Support Questions
Find answers, ask questions, and share your expertise

Configure number of executors with hive on spark

Highlighted

Configure number of executors with hive on spark

Rising Star

hey guys

 

I have a 3 node dev cluster running CDH 5.5.1, Parcels

1 NN, 3 DN

Hive on Spark (Standalone)

I am not able to control the number or Executors per Hive job (hive on spark option) 

here are my safety valve settings in hive

 

Hive Client Advanced Configuration Snippet (Safety Valve) for hive-site.xml

(Gateway Default Group)

=========================================================

<property>
<name>hive.metastore.local</name>
<value></value>
</property>
<property>
<name>hive.execution.engine</name>
<value>spark</value>
</property>
<property>
<name>spark.executor.cores</name>
<value>6</value>
</property>
<property>
<name>spark.executor.instances</name>
<value>3</value>
</property>

 

 

BTW, this above configuration works in my AWS 5 node larger cluster running CDH 5.4.7, Parcels 

 

Also on 5.5.1 if I start spark-shell I can see 3 executors in the Web UI of Spark 

 

http://xx.xxx.xx.xxx:4040/executors/

 

Am I missing some other config ?

 

Please advise

 

sanjay

2 REPLIES 2
Highlighted

Re: Configure number of executors with hive on spark

Rising Star

ok guys

I deleted the standalone service and added Spark On Yarn through Cloudera Manager.

I ran a smoke test hive on spark job. It ran successfully.

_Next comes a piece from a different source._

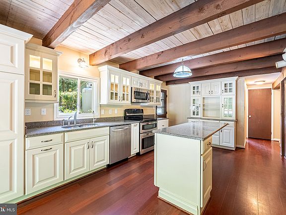 Open House Friday 5:30-6:30 pm, Saturday 1-3 pm and Sunday 1-3 pm.! Welcome Home! Escape to your own Wooded Retreat spanning over 3 serene acres. Nestled amidst tranquil woodlands, this charming contemporary haven emanates a distinct allure. Step into the luxurious kitchen featuring silestone countertops, modernized white cabinets adorned with lighting, stainless steel appliances, including a wine fridge, and a welcoming breakfast bar. Throughout the home, exposed brick and wood beams add character and warmth. Flexible living spaces include a main level office or bedroom, ideal for modern lifestyles, followed by the inviting living room boasting a brick wood-burning fireplace, perfect for cozy evenings. Experience the ultimate haven, where hardwoods reign supreme, and comfort is ensured by a wood-burning stove with a heatilator. Retreat to the primary bedroom, where tranquility awaits with its own modern electric start gas fireplace with remote, a nicely appointed walk-in closet, and a renovated bath featuring gorgeous large grey tiles, complementing the stunning tiles in the stand-up shower, soaking tub, and dual vanity. The second full bathroom also impresses with grey tile floors, a tiled glass shower, dual vanities, and skylights. All upper-level bedrooms feature fans for added comfort. The basement boasts a finished great room, laundry facilities, and a walk-out. Step outside onto the stone patio amidst natural beauty, where you can bask in the tranquility of the surrounding woodlands. In the fully fenced backyard, you'll discover an adorable garden, a versatile shed/workshop, and a playground, offering endless possibilities for outdoor enjoyment. Tucked away in this serene setting is also a chicken coop, adding to the charm and potential of the property. Fresh landscaping adorns both the front and back yards, enhancing the property's curb appeal and natural allure. Additionally, the well-sized two-car garage with kitchen access adds to the home's functionality and convenience, complemented by a freshly paved black asphalt driveway. Home updates include a french drain, stone retaining wall and a well-maintained HVAC system. Conveniently located near Baltimore, Washington D.C., and Fort Meade, yet secluded in nature, this property offers the perfect balance of accessibility and tranquility. Experience the best of both worlds in this idyllic retreat!
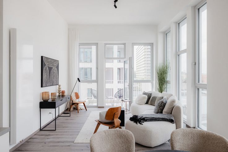 Ontdek dit lichtvolle appartement op de 5e verdieping van een modern gebouw, ontworpen voor comfort en duurzaamheid. De inkomhal beschikt over een vestiaire, apart toilet en wasruimte. De zonnige woonkamer van 35 m² geeft uit op een aangenaam terras van 7 m². De open keuken is volledig uitgerust en een gezellige bureauruimte van 6 m² maakt de woning  helemaal af.  Het appartement heeft twee ruime slaapkamers en een moderne badkamer met dubbele wastafel en ligbad. Het gebouw is ontworpen volgens de hoogste energiebesparende normen (EPC A), met een prachtig gemeenschappelijk dakterras en toegang tot verschillende tuinen binnen het complex.  Kelder, 2 fietsplaatsen inbegrepen en parkeerplaats beschikbaar tegen extra kost. Voordelige voorwaarden: grond onderworpen aan registratierechten (12,5%) en constructie onderworpen aan BTW (21%). Neem contact op met Sébastien voor een simulatie van de totale kosten of plan een bezoek om de kijkwoning te bezichtigen: Sébastien Jacobs: sj@bathim.be of 0474/ 92 03 60.

I know its slow because I have not done any optimizations.

I will configure some params to speed this up based on Cloudera recommendations  here and report back.

http://www.cloudera.com/documentation/enterprise/latest/topics/admin_hos_config.html

 

thanks

sanjay

Re: Configure number of executors with hive on spark

Rising Star

Yarn needed tuning for Spark to take advantage of Yarn

 

YARN MEMORY CALCULATIONS - 3 node cluster
=======================================

Each of my node is 32GB RAM , 8 cores, 2 X 2TB 7200RPM disks

(Souped up HP8300 Elite desktops)


# of Containers = minimum of (2*CORES, 1.8*DISKS, (Total available RAM) / MIN_CONTAINER_SIZE)
= MIN(2 * 8 , 1.8 * 2 , (32 - 8)/ 2 ) = MIN(16, 3.6, 12) = 4

MIN_CONTAINER_SIZE = 2GB

RAM-per-Container = maximum of (MIN_CONTAINER_SIZE, (Total Available RAM) / Containers))
= MIN( 2, 24/4) = 2

yarn.nodemanager.resource.memory-mb = Containers * RAM-per-Container
= 4 * 2 = 8

yarn.scheduler.minimum-allocation-mb = RAM-per-Container
= 2 GB

yarn.scheduler.maximum-allocation-mb = containers * RAM-per-Container
= 8 GB

mapreduce.map.memory.mb = RAM-per-Container
= 2 GB

mapreduce.reduce.memory.mb = 2 * RAM-per-Container
= 2 X 2 = 4 GB

mapreduce.map.java.opts = 0.8 * RAM-per-Container
= 0.8 * 2 GB = 1.6GB

mapreduce.reduce.java.opts = 0.8 * 2 * RAM-per-Container
= 0.8 * 2 * 2 GB = 3.2GB

yarn.app.mapreduce.am.resource.mb = 2 * RAM-per-Container
= 2 X 2 = 4GB

yarn.app.mapreduce.am.command-opts = 0.8 * 2 * RAM-per-Container
= 0.8 X 2 X 2 = 3.2GB

 

 

Hive query = 187.175 seconds

set hive.execution.engine=mr;

SET mapreduce.job.reduces=8;

SET mapreduce.tasktracker.map.tasks.maximum=12;

SET mapreduce.tasktracker.reduce.tasks.maximum=8;

SET mapreduce.map.output.compress.codec=org.apache.hadoop.io.compress.SnappyCodec;

SET mapreduce.map.output.compress=true;

select count(*) from cdr.cdr_mjp_uni_srch_usr_hist_view

 

 

Spark Query  = 128.089 seconds

set hive.execution.engine=spark;

select count(*) from cdr.cdr_mjp_uni_srch_usr_hist_view